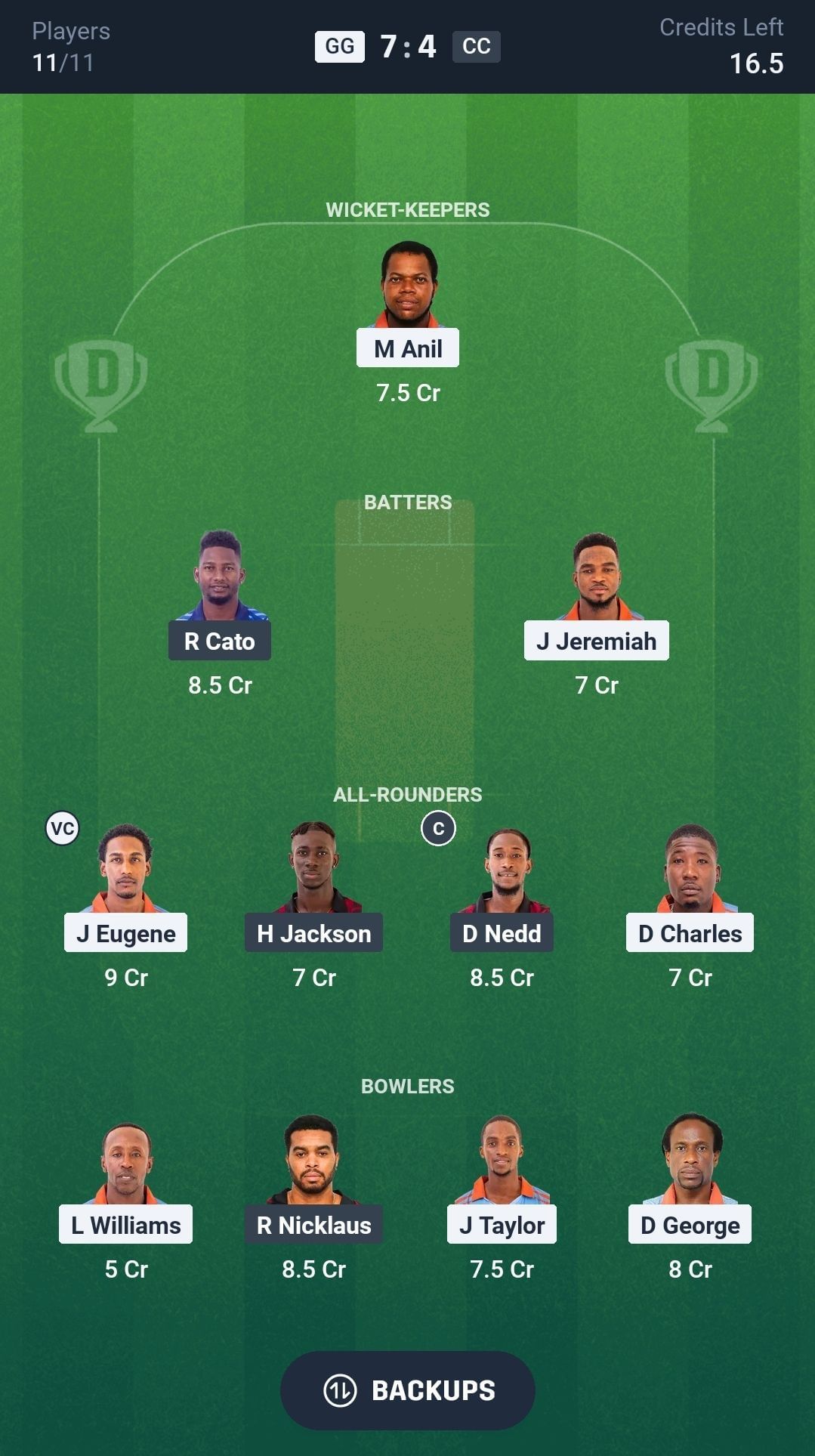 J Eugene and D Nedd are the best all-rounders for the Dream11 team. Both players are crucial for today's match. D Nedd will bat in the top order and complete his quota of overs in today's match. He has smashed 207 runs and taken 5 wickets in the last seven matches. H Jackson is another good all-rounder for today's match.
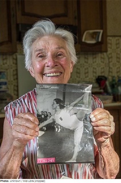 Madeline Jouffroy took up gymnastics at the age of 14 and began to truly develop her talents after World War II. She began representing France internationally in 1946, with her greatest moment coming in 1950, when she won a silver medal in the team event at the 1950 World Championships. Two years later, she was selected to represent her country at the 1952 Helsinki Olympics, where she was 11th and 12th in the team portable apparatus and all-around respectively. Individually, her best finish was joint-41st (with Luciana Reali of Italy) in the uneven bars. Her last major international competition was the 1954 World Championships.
──────────
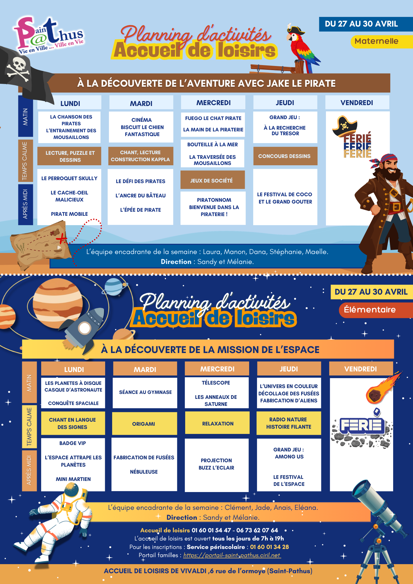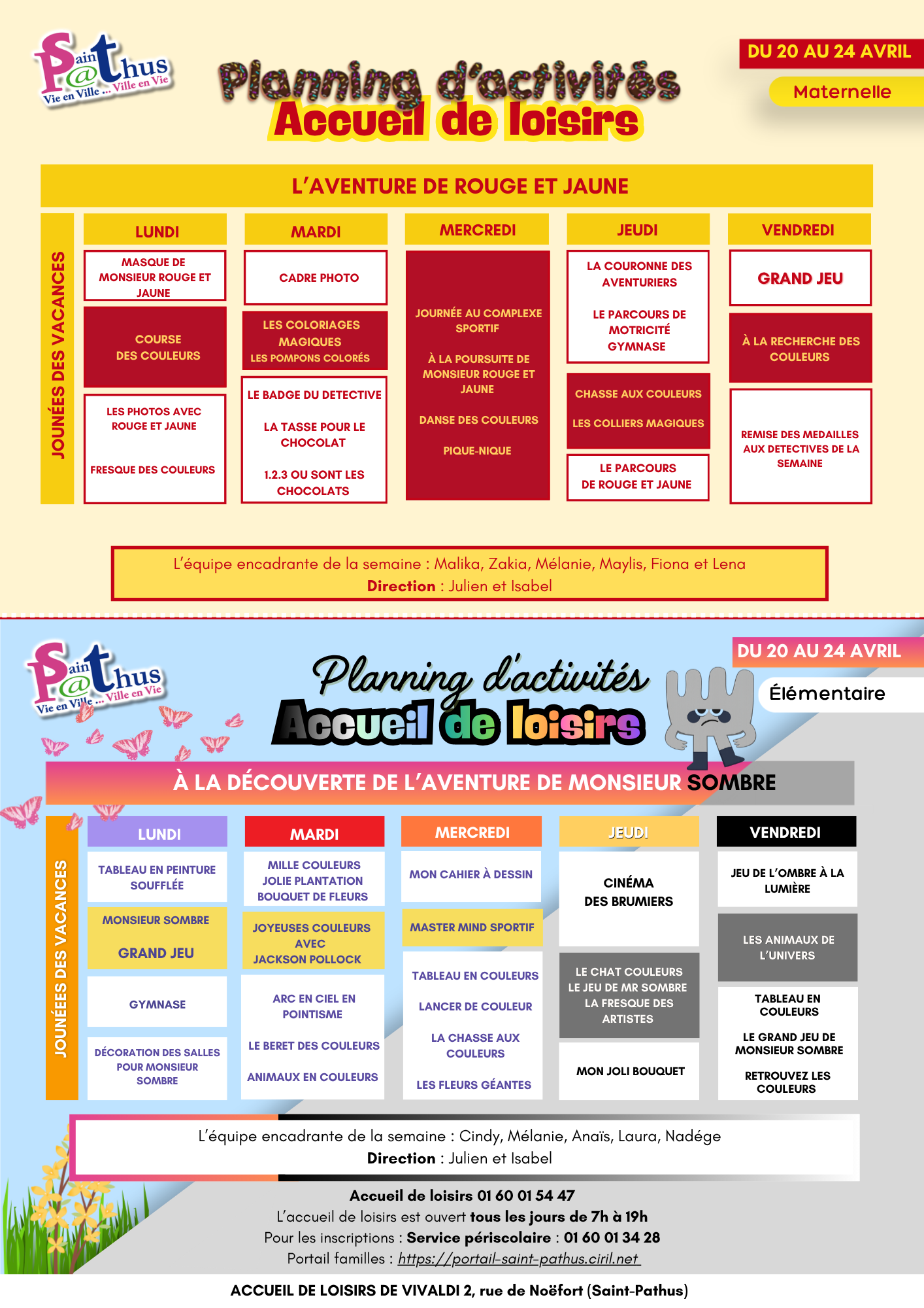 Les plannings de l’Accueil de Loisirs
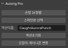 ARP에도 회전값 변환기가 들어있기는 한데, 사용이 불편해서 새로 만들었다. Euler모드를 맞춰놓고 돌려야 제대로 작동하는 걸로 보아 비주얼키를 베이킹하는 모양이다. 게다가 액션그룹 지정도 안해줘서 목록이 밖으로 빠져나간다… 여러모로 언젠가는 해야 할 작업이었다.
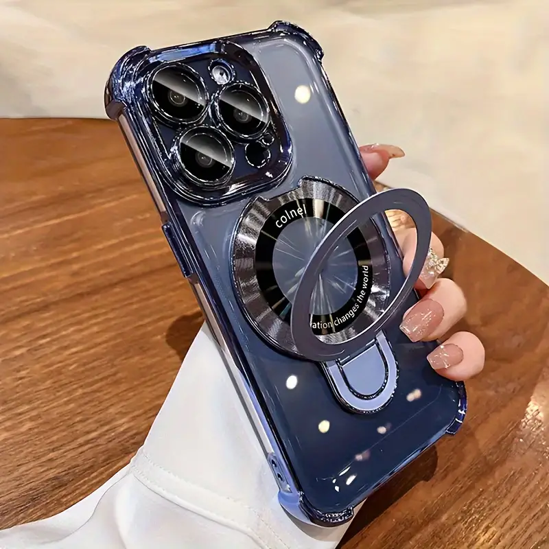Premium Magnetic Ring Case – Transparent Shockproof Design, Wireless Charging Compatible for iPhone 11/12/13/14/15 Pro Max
──────────
**Task directions**
Would you copy, word for word, only the lines above from the one containing "ARP에도 회전값 변환기가" through the one containing "Premium Magnetic Ring", both included, and please leave out the pictures?

**Problem solution**
 ARP에도 회전값 변환기가 들어있기는 한데, 사용이 불편해서 새로 만들었다. Euler모드를 맞춰놓고 돌려야 제대로 작동하는 걸로 보아 비주얼키를 베이킹하는 모양이다. 게다가 액션그룹 지정도 안해줘서 목록이 밖으로 빠져나간다… 여러모로 언젠가는 해야 할 작업이었다.
Premium Magnetic Ring Case – Transparent Shockproof Design, Wireless Charging Compatible for iPhone 11/12/13/14/15 Pro Max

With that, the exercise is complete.